══ Source material

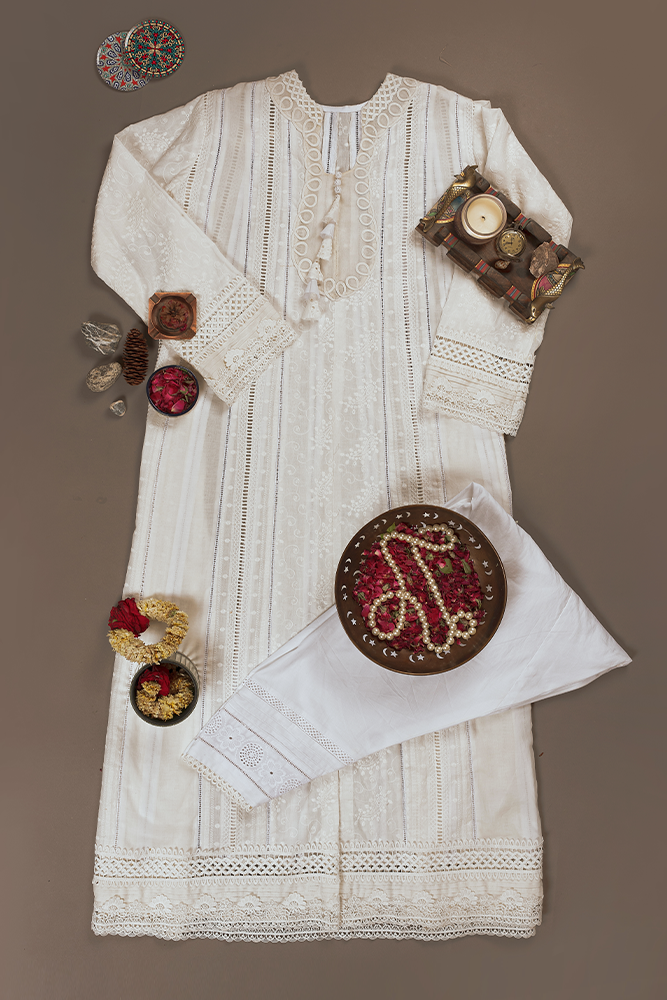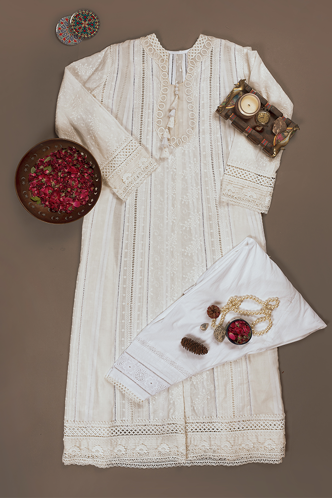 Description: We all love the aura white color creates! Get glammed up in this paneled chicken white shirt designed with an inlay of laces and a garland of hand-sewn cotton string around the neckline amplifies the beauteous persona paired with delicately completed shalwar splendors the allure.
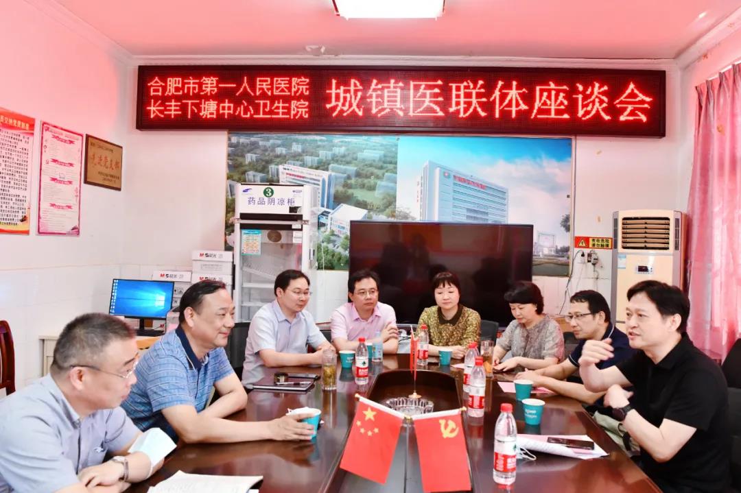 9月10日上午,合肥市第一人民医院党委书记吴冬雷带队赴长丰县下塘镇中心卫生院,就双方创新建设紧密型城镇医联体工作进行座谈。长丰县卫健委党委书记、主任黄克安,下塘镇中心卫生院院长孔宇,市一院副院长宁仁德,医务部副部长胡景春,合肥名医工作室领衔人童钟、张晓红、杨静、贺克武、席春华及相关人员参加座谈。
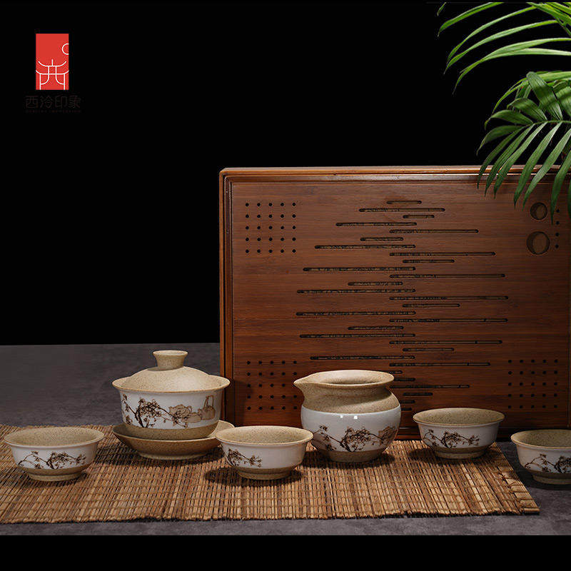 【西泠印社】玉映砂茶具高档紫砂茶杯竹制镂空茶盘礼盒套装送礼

════

### Work required
Restate the material word for word, minus pictures.

### Output of the exercise
 Description: We all love the aura white color creates! Get glammed up in this paneled chicken white shirt designed with an inlay of laces and a garland of hand-sewn cotton string around the neckline amplifies the beauteous persona paired with delicately completed shalwar splendors the allure.
 9月10日上午,合肥市第一人民医院党委书记吴冬雷带队赴长丰县下塘镇中心卫生院,就双方创新建设紧密型城镇医联体工作进行座谈。长丰县卫健委党委书记、主任黄克安,下塘镇中心卫生院院长孔宇,市一院副院长宁仁德,医务部副部长胡景春,合肥名医工作室领衔人童钟、张晓红、杨静、贺克武、席春华及相关人员参加座谈。
 【西泠印社】玉映砂茶具高档紫砂茶杯竹制镂空茶盘礼盒套装送礼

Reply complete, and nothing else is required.